Wind turbines have been a feature of the European landscape for decades. But few governments have shown the level of commitment to harnessing wind as the Scots have exhibited.
Alex Salmond, the Scottish first minister, has embraced renewables as few other political leaders have, and he has set out an ambitious plan to satisfy 100 per cent of Scottish energy needs from alternative sources as early as 2020. The government has even cast its eyes across the border, and exports of green electricity to England and even farther afield are part of the long-term vision.
"It's very high on the political agenda in Scotland," says Jason Morris, a partner at the consultancy PricewaterhouseCoopers. "The Scottish government is a very strong supporter of all things green."
Apart from hydropower, wind is the major component of this strategy. With less than a tenth of the UK population, and about a third of its land mass, Scotland has the capacity to produce 18 per cent more renewable energy than neighbouring England, and generates 48 per cent of all wind power produced in the British Isles. As visitors to the Scottish Highlands can testify, conditions for wind power in Scotland are among the best in the world.
The unbridled enthusiasm for, and the potential of, renewable energy in Scotland has not gone unnoticed in the UAE. After repeated visits to Abu Dhabi by Mr Salmond, he signed an agreement last month with Masdar, the government-owned clean-technology company.
"This … agreement provides vitally important investment and development opportunities for both partners," Mr Salmond said at the time.
It is on the investment side that Scotland and Abu Dhabi might well find most common ground. Masdar is exploring the potential of wind power in Abu Dhabi, and has already committed to a 30 megawatts wind farm on Sir Bani Yas Island. But it has also significantly increased its emphasis on investing in clean-energy businesses abroad, and to this end has brought to life a third fund, a joint venture with the Development Bank of Japan.
Scotland's government will be pleased at the prospect of outside investment in its renewables sector. Its interest in green energy far exceeds environmental concerns, and mirrors the rationale invoked by governments around the world. In the Arab world, China, the US and Europe, the renewable-energy industry is regarded as a way to boost employment.
In Europe, the economic malaise that was sparked by the meltdown of the banking sector in 2008 has been prolonged by the sovereign-debt crisis and is still depressing labour markets.
In China, renewables help to meet the growing demand for energy stemming from rapid industrial development while helping to drive that boom. In the Arab world, renewable energy can help countries to free up crude oil and natural gas for export and help fight high unemployment, which has been identified as a prime cause of the social unrest of the Arab Spring. Organisations including the World Wind Energy Association (WWEA) and the Emirates Solar Industry Associationhave championed their energy technologies by extolling their impact on job creation.

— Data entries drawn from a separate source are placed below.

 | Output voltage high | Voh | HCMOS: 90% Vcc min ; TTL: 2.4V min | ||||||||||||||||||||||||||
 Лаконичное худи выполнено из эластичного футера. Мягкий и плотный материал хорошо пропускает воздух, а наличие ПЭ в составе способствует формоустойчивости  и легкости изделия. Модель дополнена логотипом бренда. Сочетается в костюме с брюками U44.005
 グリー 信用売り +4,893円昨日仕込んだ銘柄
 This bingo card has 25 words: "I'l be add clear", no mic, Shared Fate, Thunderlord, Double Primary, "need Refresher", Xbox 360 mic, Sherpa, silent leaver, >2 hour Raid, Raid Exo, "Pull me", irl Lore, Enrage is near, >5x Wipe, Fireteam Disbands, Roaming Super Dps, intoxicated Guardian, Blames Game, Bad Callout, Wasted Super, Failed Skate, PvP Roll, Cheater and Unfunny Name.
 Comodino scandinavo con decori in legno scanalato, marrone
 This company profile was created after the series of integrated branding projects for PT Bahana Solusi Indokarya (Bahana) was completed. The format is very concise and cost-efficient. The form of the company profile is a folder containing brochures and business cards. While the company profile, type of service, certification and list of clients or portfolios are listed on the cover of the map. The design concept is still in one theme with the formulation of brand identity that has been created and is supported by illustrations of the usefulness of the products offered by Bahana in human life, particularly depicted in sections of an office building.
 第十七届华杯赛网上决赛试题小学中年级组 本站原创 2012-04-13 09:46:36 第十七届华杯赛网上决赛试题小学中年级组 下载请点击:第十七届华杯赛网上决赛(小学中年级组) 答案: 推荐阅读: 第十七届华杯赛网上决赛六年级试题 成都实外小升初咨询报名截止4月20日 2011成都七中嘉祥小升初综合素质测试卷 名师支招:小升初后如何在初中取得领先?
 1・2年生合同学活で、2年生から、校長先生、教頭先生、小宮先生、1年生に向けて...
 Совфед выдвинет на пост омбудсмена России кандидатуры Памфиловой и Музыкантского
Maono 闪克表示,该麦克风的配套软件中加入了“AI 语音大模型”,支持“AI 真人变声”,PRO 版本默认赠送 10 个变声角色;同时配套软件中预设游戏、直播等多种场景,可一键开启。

"Wind power has become - as a low-cost, low-risk and non-polluting energy option - a pillar of the energy supply in many countries," He Dexin, the WWEA president, says on the organisation's website. "These countries have been able to create new industries and hundreds of thousands of jobs."
The message also applies to the British Isles.
"[Wind power] is seen as an opportunity in the UK to lead the way in a new area of technology that can be of benefit to the environment, but also in those times of economic duress," Mr Morris says.
As a consequence, installed capacity in Britain rose by 730 megawatts to more than 6 gigawatts last year. This is still a fraction of capacity elsewhere. China, the biggest player in wind power, added a staggering 18 gigawatts last year. Even in Europe, Britain's wind power base is dwarfed by Germany's and Spain's.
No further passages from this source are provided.